Nieuwe overeenkomsten
Het is heel belangrijk om bij het opstellen van nieuwe overeenkomsten rekening te houden met het virus. Agnes Maqua :. “Wanneer er nu een contract zou worden gesloten voor een evenement vlak na de inperkingsperiode, is het aangewezen clausules te bepalen waarin verschillende scenario’s worden voorzien: de ontbinding van het contract indien het verbod nog niet opgeheven zal zijn; een verplichting tot uitstel; een bepaling van welke kosten reeds zijn gemaakt, een verdeling van kosten, een gedeeltelijke of volledige terugbetaling van voorschotten.”
Concrete case
Laat ons de zaken nu nog even concreet maken met een voorbeeld uit de praktijk. “We werden gecontacteerd door een evenementenagentschap dat voor haar cliënt een congres organiseerde binnen de periode van de inperking”, zo vertelt Katrien Maris. “Er was ook een derde partij betrokken, die de congreslocatie en catering ter beschikking stelde. Bovendien was er al een aanzienlijk voorschot betaald. Als we de voorwaarden van de overmacht overlopen, stellen we vast dat er sprake is van onvoorzienbare omstandigheden, buiten de controle van de uitvoerende partij.
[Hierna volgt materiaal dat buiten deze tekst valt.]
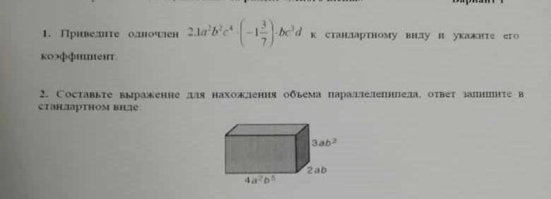 1) 2,1a²b²c^(4)bc³d=2,1a²b³c^(7)d, 2,1 коэффициент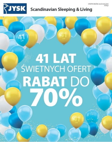 '41 lat świetnych ofert' - nowa gazetka promocyjna sieci sklepów JYSK. Polecane promocje z gazetki Jysk: Rabat 20-49% na wybrane parasole ogrodowe. Rabat 20-50% na szeroki wybór krzeseł do jadalni. Rabat 30-60% na wybrane lustra. …
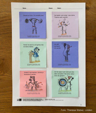 Ich bin mir ganz sicher, dass diese kleinen „Zettelchen“ eure Schülerinnen und Schüler zebramäßig unterstützen werden. Sicherlich freut sich eure Zebraherde über die eine oder andere Botschaft im Schreibheft, Lesebuch oder auf einem Arbeitsblatt. Die neuen Bewegungstipps klebe ich auch einfach gerne auf den Lernzeitplan. Kreative Umsetzungsmöglichkeiten, gerade für kleine Bewegungspausen zwischendurch, finden sich zu Hauf. Hier können sich sogar die mitlesenden Mamas und Papas austoben.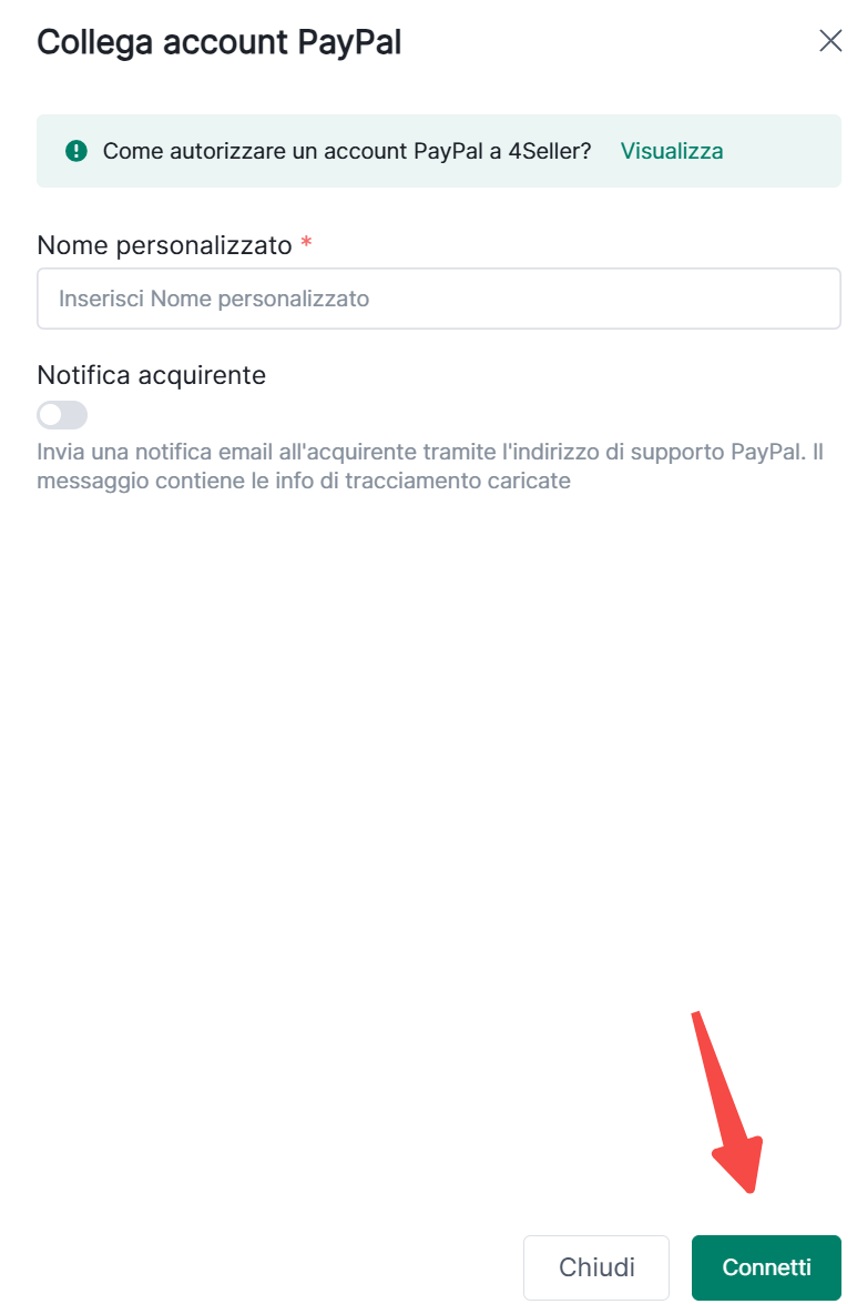 Passo 2: Nome cliente--Seleziona se attivare "Notifica acquirente" (Se attivato, invierà una email di notifica all'acquirente con i dettagli di tracking)--Clicca "Connetti"

Maar was de derde voorwaarde, de permanente belemmering, ook voldaan? Het agentschap wou graag voor een uitstel gaan, en heeft de derde partij op ons advies gecontacteerd om een alternatief moment te voorzien. Zo werd er een nieuwe datum gevonden, en kon de leverancier het voorschot behouden, met het oog op de toekomstige prestaties. In de algemene voorwaarden was er bij uitstel een forfait van 10% voorzien. Dit kwam echter te vervallen door de overmachtssituatie. Dat was voor onze cliënt het belangrijkste.”
Overleg
De coronacrisis brengt zeer uitzonderlijke omstandigheden met zich mee, partijen bevinden zich in een situatie waarin ze zich nog nooit eerder hebben bevonden. “Er zijn weinig tot geen precedenten die kunnen dienen als basis om deze situatie te beoordelen. Dus wij raden aan de situatie met elkaar te bespreken. Vaak is het in het belang van beide partijen dat een event kan worden verplaatst. Zeker financieel is zo’n alternatieve oplossing een win-winsituatie voor iedereen”, zo besluit Agnès Maqua.